Their paranoia-based view of the Middle East could yet cost Frenchmen their country
Considering that it seems to be every prominent Canadian’s preferred second nationality, from the Governor General and the new leader of the Opposition down, France is a faraway country of which we know little. One had assumed the French themselves were a wee bit more on top of things. Switch on the TV from time to time and you often stumble across footage of the mob overturning cars in Paris over some modest regulatory change M. Chirac’s hapless ministers have proposed. It would seem to indicate a more active engagement with politics than most Western citizenries are willing to muster.
Yet there’s one area in which the French people are strikingly uncurious: the conduct of the nation’s foreign policy. Considering how much of the country’s self-identity is invested in a sense of itself as a prestigious player in global affairs, it’s remarkable how in a democratic age the populace has been content to leave the management of those affairs to a narrow unrepresentative elite—the “Quai d’Orsay,” in journalese shorthand. One might use similar shorthand for the U.S. State Department or the British Foreign Office, but in neither case does it convey quite the same awesome monopoly on the conduct of foreign policy as wielded in Paris. The old Punch joke about the librarian who filed French constitutions under periodicals belies the eerie stability underneath the surface turbulence: Second Empires and Third Republics came and went, but it made little difference to a permanent, tightly drawn, hereditary foreign policy
establishment—the diplomatic dynasties of Cambons, Courcels, Herbettes, Margeries and François-Poncets who for generations had privileged access to what they called “la
David Pryce-Jones has now written a brisk, fascinating overview of two centuries’ worth of this clique’s influence. Betrayal: France, the Arabs, and the Jews is a slim volume which at first glance would appear to be the latest entry into the emerging niche market of literary francophobia summed up in the splendid title of Denis Boyles’s recent book: Vile France: Fear, Duplicity, Cowardice and Cheese. “Francewise, our understanding is a little thin,” begins Mr. Boyles in chapter one. He is, in fact, a great expert on France, but as a patriotic American feels obliged to warm up with a few professions of gleeful ignorance of the surrender monkeys and all their works. “Most of us are irritated by whatever it was they did to us at the United Nations before the war in Iraq, but most of us weren’t really paying attention.”

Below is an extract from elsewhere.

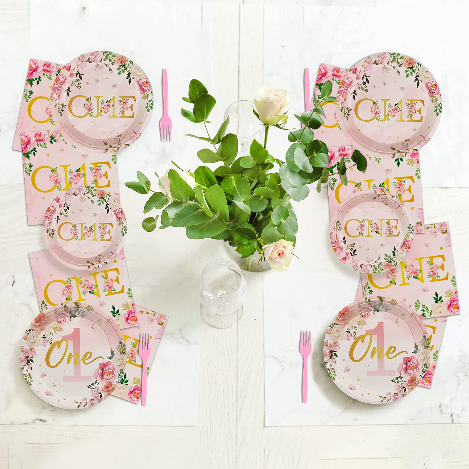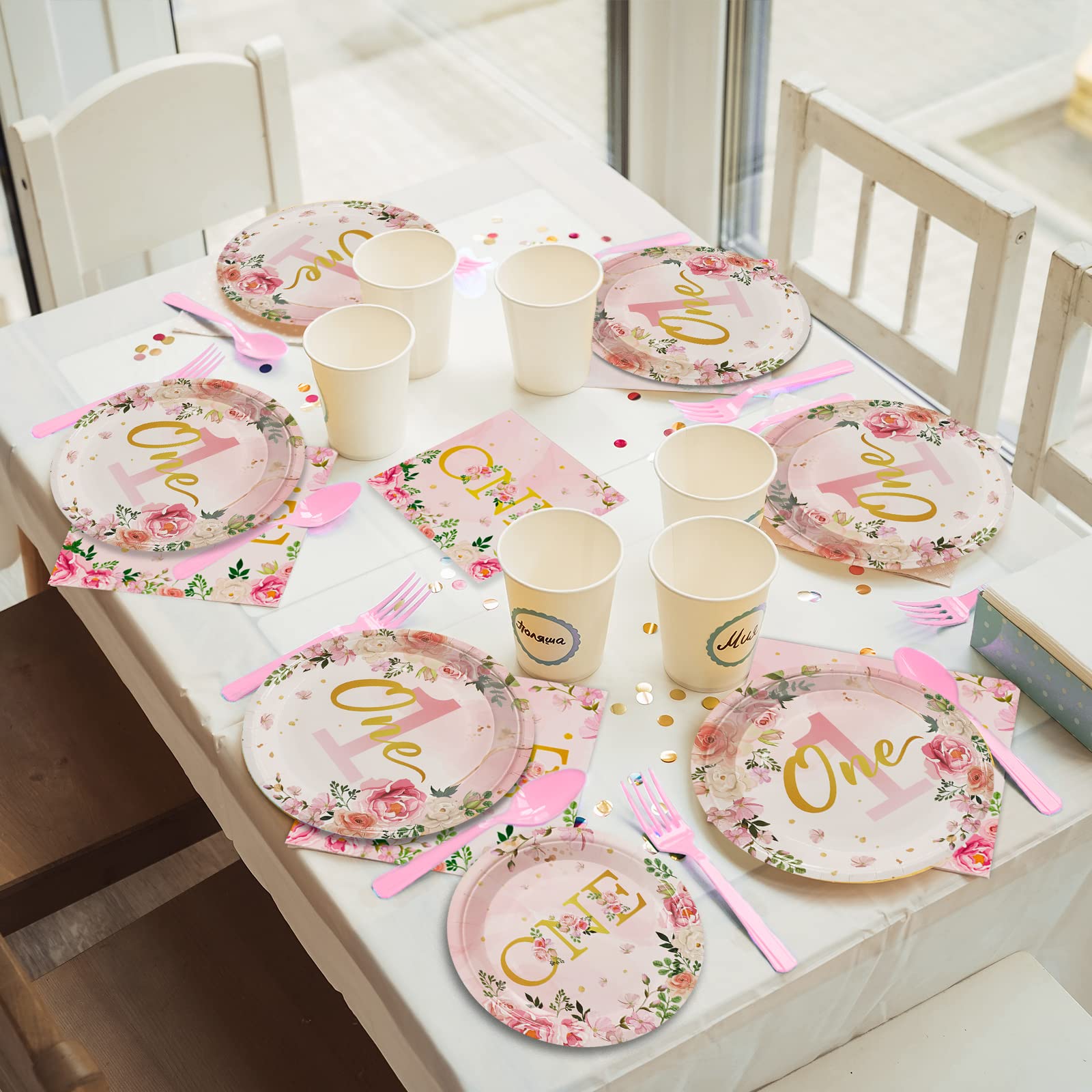Vibrant 1st birthday party design: Except for the fork, this 1st birthday theme party tableware set is all designed with cute pink flowers, easy to catch girl’s attention. Decorating your birthday party with these 1st birthday tableware kits can make your party full of a cheerful and exciting atmosphere.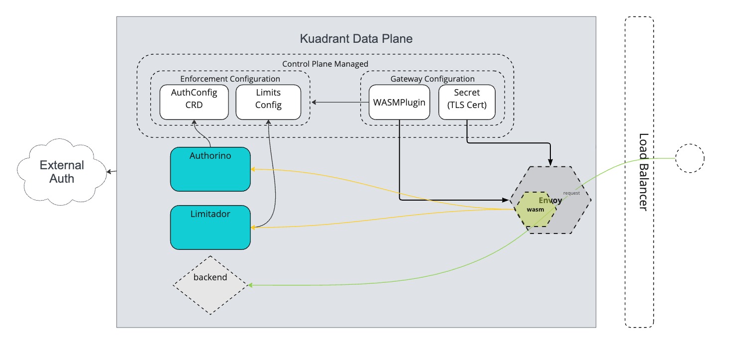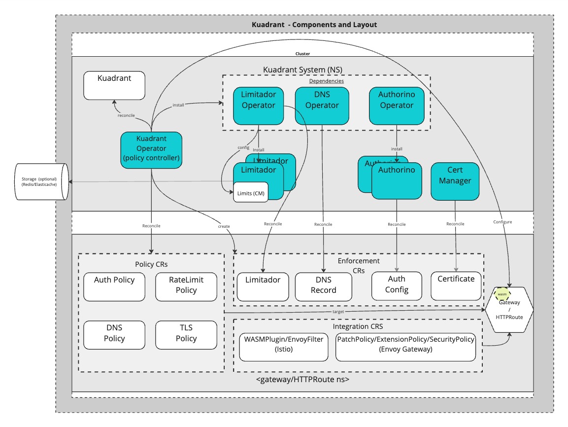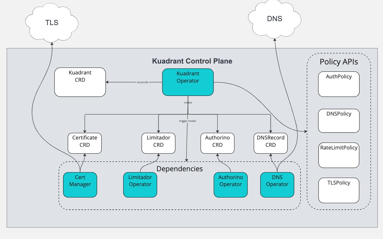 Kuadrantand reconciles this to configure and trigger installation of the required data plane components and other control plane components.

As it happens, I like French cheese, and even the “fear, duplicity, cowardice” has a more subtle piquancy than one might imagine. The Americans and the French were both murderously bombed by Hezbollah in Beirut a quarter-century ago, but it was Mitterrand’s France not Reagan’s America that at least went through the show of bombing back. Such muscular spasms aside, though, it’s hard to see what French policy has done for France. David Pryce-Jones’s book presents the Quai d’Orsay’s view of the Middle East not just as a pain in the neck for the Brits and Yanks,
but as an appalling tragedy for France that may yet cost them their country. Betrayal starts with the ongoing “intifada” (I’m pleased to see the French authorities have belatedly caught up with the designation I gave the current troubles in early 2002) on the streets of the country’s suburbs by, ahem, “youths.” The author notes the usual factors—an imam whose apartment has a chemical laboratory for the manufacture of ricin bombs, etc.— but then spools backwards across the centuries to build a case for France’s present predicament as a monument to the vanity and strategic stupidity of its diplomatic class. There is a lot of anti-Semitism on display— not the offhand anti-Semitism of your average languid English toff of similar vintage, but something more corrosive and obsessive. There is, in that sense, a direct line between those French emissaries in Russia and Germany blaming Bolshevism and Nazism on “Talmudic atavism,” and Daniel Bernard, M. Chirac’s ambassador to the Court of St. James’s, announcing airily at a London dinner party in 2001 that the problems of the world can be laid at the door of “that shitty little country” Israel. From “Talmudic atavism” to “shitty little country” may mark a deterioration in Gallic rhetorical élan but at least its prejudices remain inviolable.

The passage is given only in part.